Task objective: Return the whole listing, line for line, without the pictures in it.

Dataset excerpt:
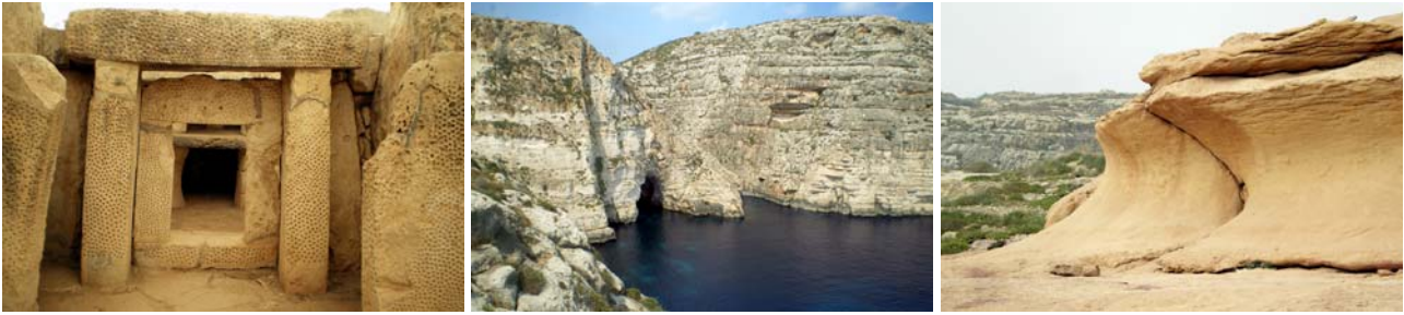
von links nach rechts: rund 5000 Jahre alte Tempel (Mnajdra), Blaue Grotte in der steilen Felsküste, Einblicke in den geologischen Untergrund
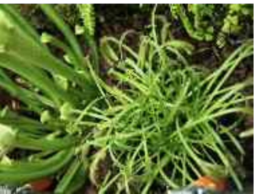
carnivorous gen. Drosera
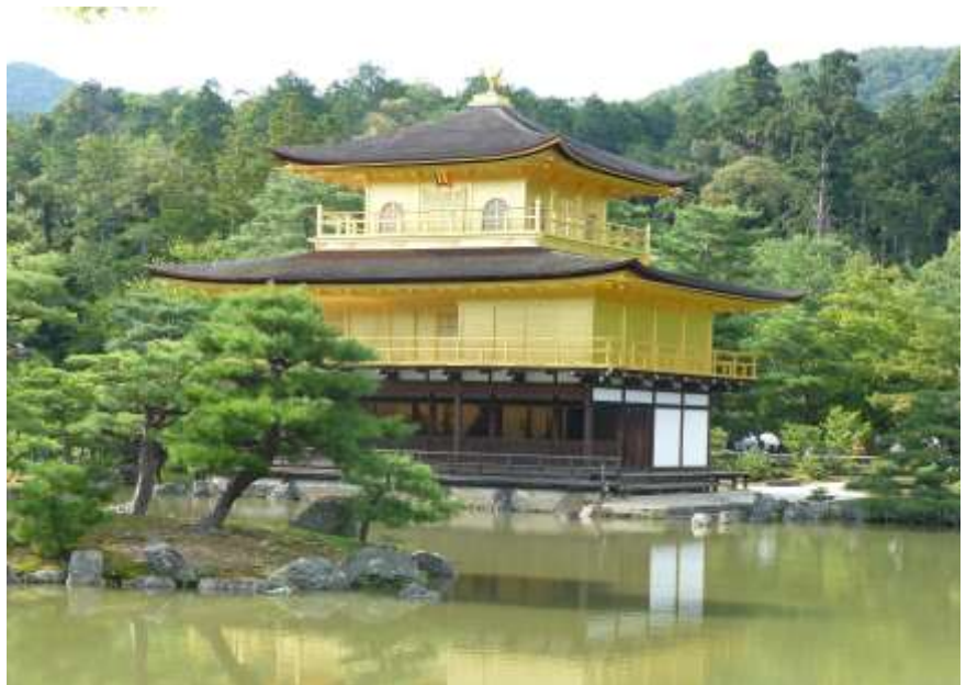
Kinkakuji - Golden Pavilion

Kyoto è detta la città dei Mille Templi e fu capitale del Giappone per più di 1000 anni (dal 794 al 1854). La storia millenaria, la cultura profonda e radicata, le tradizioni e tanto altro rendono Kyoto il vero cuore del Giappone, una città all'avanguardia ma, al tempo stesso, affascinante e misteriosa, semplicemente la meta più bella del Giappone. Qui è possibile scoprire il "vero Giappone", passeggiare nella storia di una civiltà ricca di mistero e tradizioni. Kyoto è la città

Your solution:
von links nach rechts: rund 5000 Jahre alte Tempel (Mnajdra), Blaue Grotte in der steilen Felsküste, Einblicke in den geologischen Untergrund
carnivorous gen. Drosera
Kinkakuji - Golden Pavilion

Kyoto è detta la città dei Mille Templi e fu capitale del Giappone per più di 1000 anni (dal 794 al 1854). La storia millenaria, la cultura profonda e radicata, le tradizioni e tanto altro rendono Kyoto il vero cuore del Giappone, una città all'avanguardia ma, al tempo stesso, affascinante e misteriosa, semplicemente la meta più bella del Giappone. Qui è possibile scoprire il "vero Giappone", passeggiare nella storia di una civiltà ricca di mistero e tradizioni. Kyoto è la città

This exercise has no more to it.